> [EXERCISE DESCRIPTION]
Reproduce all the data exactly, without pictures.

> [SOURCE MATERIAL]
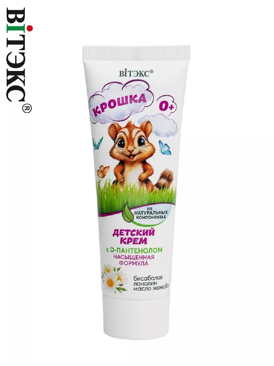 Детский крем на натуральных компонентах с d-пантенолом насыщенная формула, 75мл. На натуральных компонентах. Насыщенный крем с высоким содержанием натуральных масел подходит для ухода за чувствительной, склонной к раздражениям, шелушениям, сухости кожей малышей с рождения. Ухаживающие компоненты. D-пантенол обладает мощнейшими восстанавливающими свойствами, быстро снимает зуд, раздражение, покраснение и воспаление кожи, дарит моментальный комфорт сразу после нанесения, сохраняет необходимый уровень увлажненности, препятствует появлению сухости, шелушений и раздражений. Масла жожоба и кунжута интенсивно питают и увлажняют кожу, насыщают ее незаменимыми липидами, смягчают, придают гладкость и шелковистость. Витамин е улучшает процессы обновления клеток, устраняет сухость и шелушение, способствует укреплению защитного барьера кожи, предохраняет ее от появления раздражений и трещин, делает кожу нежной и мягкой. Ланолин защищает кожу от пересушивания, стимулирует быструю регенерацию поврежденных тканей. Бисаболол оказывает эффективное противовоспалительное и антимикробное действие, успокаивает кожу, уменьшает покраснения. Крем обладает деликатным, еле уловимым ароматом. Без силиконов и красителей. Применение: нанесите на чистую сухую кожу.
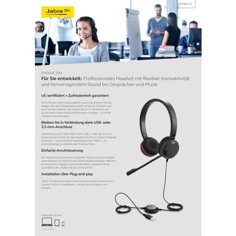 Weiterführende Links zu "Jabra Evolve 30 II UC Mono GN AUDIO 143553 5393-829-309"
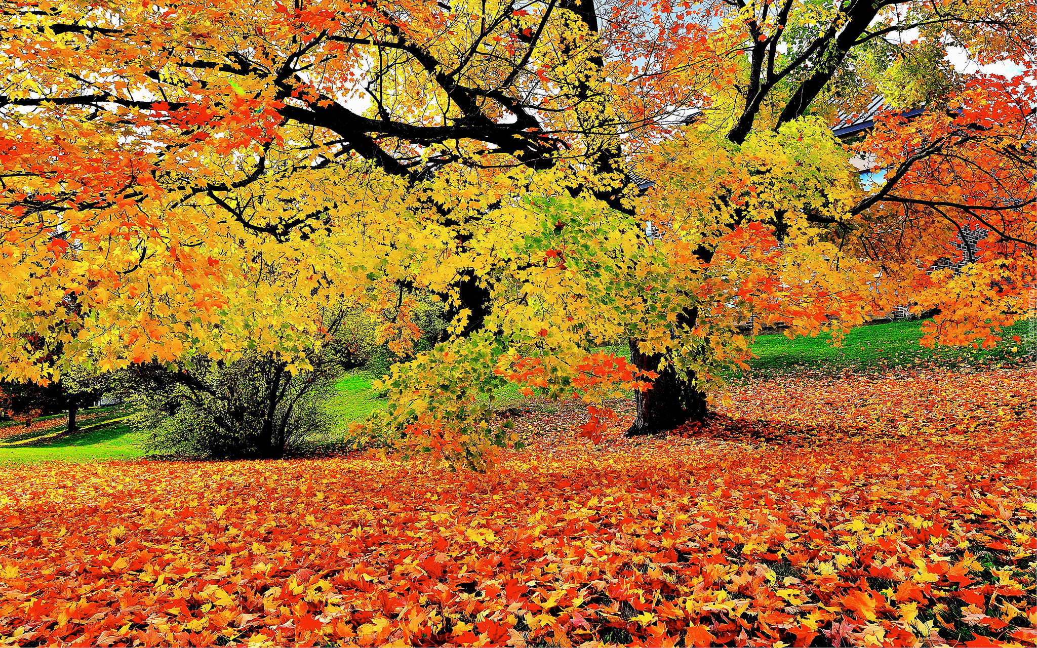 Edytor tapety: Liście, Leżące, Krzew, Drzewo, Park

> [OUTPUT]
 Детский крем на натуральных компонентах с d-пантенолом насыщенная формула, 75мл. На натуральных компонентах. Насыщенный крем с высоким содержанием натуральных масел подходит для ухода за чувствительной, склонной к раздражениям, шелушениям, сухости кожей малышей с рождения. Ухаживающие компоненты. D-пантенол обладает мощнейшими восстанавливающими свойствами, быстро снимает зуд, раздражение, покраснение и воспаление кожи, дарит моментальный комфорт сразу после нанесения, сохраняет необходимый уровень увлажненности, препятствует появлению сухости, шелушений и раздражений. Масла жожоба и кунжута интенсивно питают и увлажняют кожу, насыщают ее незаменимыми липидами, смягчают, придают гладкость и шелковистость. Витамин е улучшает процессы обновления клеток, устраняет сухость и шелушение, способствует укреплению защитного барьера кожи, предохраняет ее от появления раздражений и трещин, делает кожу нежной и мягкой. Ланолин защищает кожу от пересушивания, стимулирует быструю регенерацию поврежденных тканей. Бисаболол оказывает эффективное противовоспалительное и антимикробное действие, успокаивает кожу, уменьшает покраснения. Крем обладает деликатным, еле уловимым ароматом. Без силиконов и красителей. Применение: нанесите на чистую сухую кожу.
 Weiterführende Links zu "Jabra Evolve 30 II UC Mono GN AUDIO 143553 5393-829-309"
 Edytor tapety: Liście, Leżące, Krzew, Drzewo, Park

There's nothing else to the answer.